I never really bought the premise of the Golden Men. Not could I accept that with all their powers, That last part felt like the work of an author who was really tired of bringing all the loose ends together and just wanted to get the blasted thing done and off to the publisher.
All in all, too much [impossible thing happens] --> [explained by handwaving], all very Doctor Who and probably easier to accept on TV than in a book. I mean, really, I doubt that the Weeping Angels would work in a book either, but didn't we all watch that one from behind the sofa?
A strange but ultimately compelling blend of sci-fi action-adventure, socialist polemic, and sincere affirmation of Christian faith, Paul Cornell's time-twisting tale gets top marks for originality. A 20-year-old woman with the power to read the emergent patterns of reality finds herself allied with a square-jawed, timelost space pilot and his hilariously, awesomely British navigator (a cheerily disembodied head) to battle a nefarious quartet of devils in angels' clothing. Unless these Golden Men -- the living embodiment of greed itself -- are stopped, they'll alter history to replace the pilot's paradisical future with a ruinous hell of capitalism run amok. I found this book weirder and less accessible than Cornell's top-flight work on "Doctor Who," and the mix of Cornell's open-hearted, deeply admirable take on Christianity and his apparently vehement disgust with capitalism is a bit difficult to wrap one's head around. I can't say I entirely agree with his philosophy, or at least the economic parts of it.
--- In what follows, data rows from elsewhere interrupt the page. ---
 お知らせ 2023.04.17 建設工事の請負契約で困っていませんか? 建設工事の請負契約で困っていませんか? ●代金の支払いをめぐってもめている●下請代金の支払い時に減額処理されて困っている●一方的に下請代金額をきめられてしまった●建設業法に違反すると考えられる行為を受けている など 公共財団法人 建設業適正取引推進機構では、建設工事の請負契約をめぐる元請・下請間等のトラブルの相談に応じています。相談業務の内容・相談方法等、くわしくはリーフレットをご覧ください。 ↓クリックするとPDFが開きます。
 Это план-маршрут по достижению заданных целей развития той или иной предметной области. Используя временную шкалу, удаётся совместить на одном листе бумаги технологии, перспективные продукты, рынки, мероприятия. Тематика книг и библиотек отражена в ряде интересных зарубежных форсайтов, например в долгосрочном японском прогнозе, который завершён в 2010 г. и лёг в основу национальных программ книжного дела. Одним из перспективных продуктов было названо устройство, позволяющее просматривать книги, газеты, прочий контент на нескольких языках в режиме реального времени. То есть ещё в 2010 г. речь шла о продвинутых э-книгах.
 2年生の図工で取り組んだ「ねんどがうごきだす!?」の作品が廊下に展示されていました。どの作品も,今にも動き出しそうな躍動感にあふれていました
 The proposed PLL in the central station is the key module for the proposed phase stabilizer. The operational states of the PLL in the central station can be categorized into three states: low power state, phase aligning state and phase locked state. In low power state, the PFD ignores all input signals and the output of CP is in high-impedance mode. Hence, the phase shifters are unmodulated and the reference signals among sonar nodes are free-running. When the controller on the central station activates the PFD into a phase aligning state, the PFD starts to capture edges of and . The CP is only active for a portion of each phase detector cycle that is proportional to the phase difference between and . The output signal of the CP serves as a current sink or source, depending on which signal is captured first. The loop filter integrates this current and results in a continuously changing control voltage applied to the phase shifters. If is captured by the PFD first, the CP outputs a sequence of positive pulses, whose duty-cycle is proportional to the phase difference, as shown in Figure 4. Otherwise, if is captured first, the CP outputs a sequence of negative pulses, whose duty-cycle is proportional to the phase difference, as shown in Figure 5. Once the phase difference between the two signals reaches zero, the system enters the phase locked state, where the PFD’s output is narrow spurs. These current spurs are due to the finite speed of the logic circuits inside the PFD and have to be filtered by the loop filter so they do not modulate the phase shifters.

But the book's plenty entertaining all the same; Cornell's use of Christian symbology in his imagery and plot is quite clever, and the book's remarkable closing chapters establish a dizzying and dazzling array of temporal loops to make all the storyline's loose ends fit.
Very good imagery. Unique story mixing religion, economics, time travel, and two main characters: - a woman with an amazing ability to deeply read situations who ends up working setting odds for a bookie and sees the end of the world coming - a man from another future timeline where things are better
The story weaves a complicated time travel theme with all of the above from the time of Jesus to the future and sorts it out in the end. I read this book twice separated by a few months and enjoyed it just as much the second time.
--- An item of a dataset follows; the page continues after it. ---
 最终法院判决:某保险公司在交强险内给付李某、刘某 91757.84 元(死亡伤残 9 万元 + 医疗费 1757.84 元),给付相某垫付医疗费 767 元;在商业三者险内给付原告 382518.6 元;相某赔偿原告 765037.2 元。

"A dense, thoughtful, idiosyncratic recursive time travel story that spans several histories of the world. Improbably, the author pulls it off. The writing is slightly more opaque than I usually like, but the sheer level of imagination and inventiveness, not to mention the writerly balls it took to even write this thing, are most impressive. Good characters, too. Only one moment that stuck out as implausible, no mean feat considering all the fantastic goings-on. Definitely recommended."
I really like Paul Cornell's work with Doctor Who and his most recent novel, "London Falling" so "British Summertime" was a bit of a disappointment. The pacing felt odd at times, and it was difficult to gain any traction in the story - some of the inventiveness in the telling detracted from the actual readability. That said, it wasn't a bad book and had some interesting ideas about time travel and timelines.
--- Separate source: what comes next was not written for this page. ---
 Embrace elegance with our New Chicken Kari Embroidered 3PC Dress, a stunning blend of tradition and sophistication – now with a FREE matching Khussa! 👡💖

I went looking for this book after reading two excellent Paul Cornell short stories, "The Copenhagen Interpretation" and "One of our Bastards is Missing." It turned out to be an odd mix of space opera, time travel, alternate history, Ian McLeod politics, and CS Lewis-like religious allegory. Complicated time loops are not the least of it. It will be interesting to see what this author will come up with in the future, besides Dr Who scripts.
Very clever time travel SF, with the most desireable future being basically Dan Dare's. One main character is even called "the pilot from the future". Good women characters, and realistic religion - and set in Bath, which makes a nice change of location (London isn't the only city in the UK after all). But how the main characters suffer!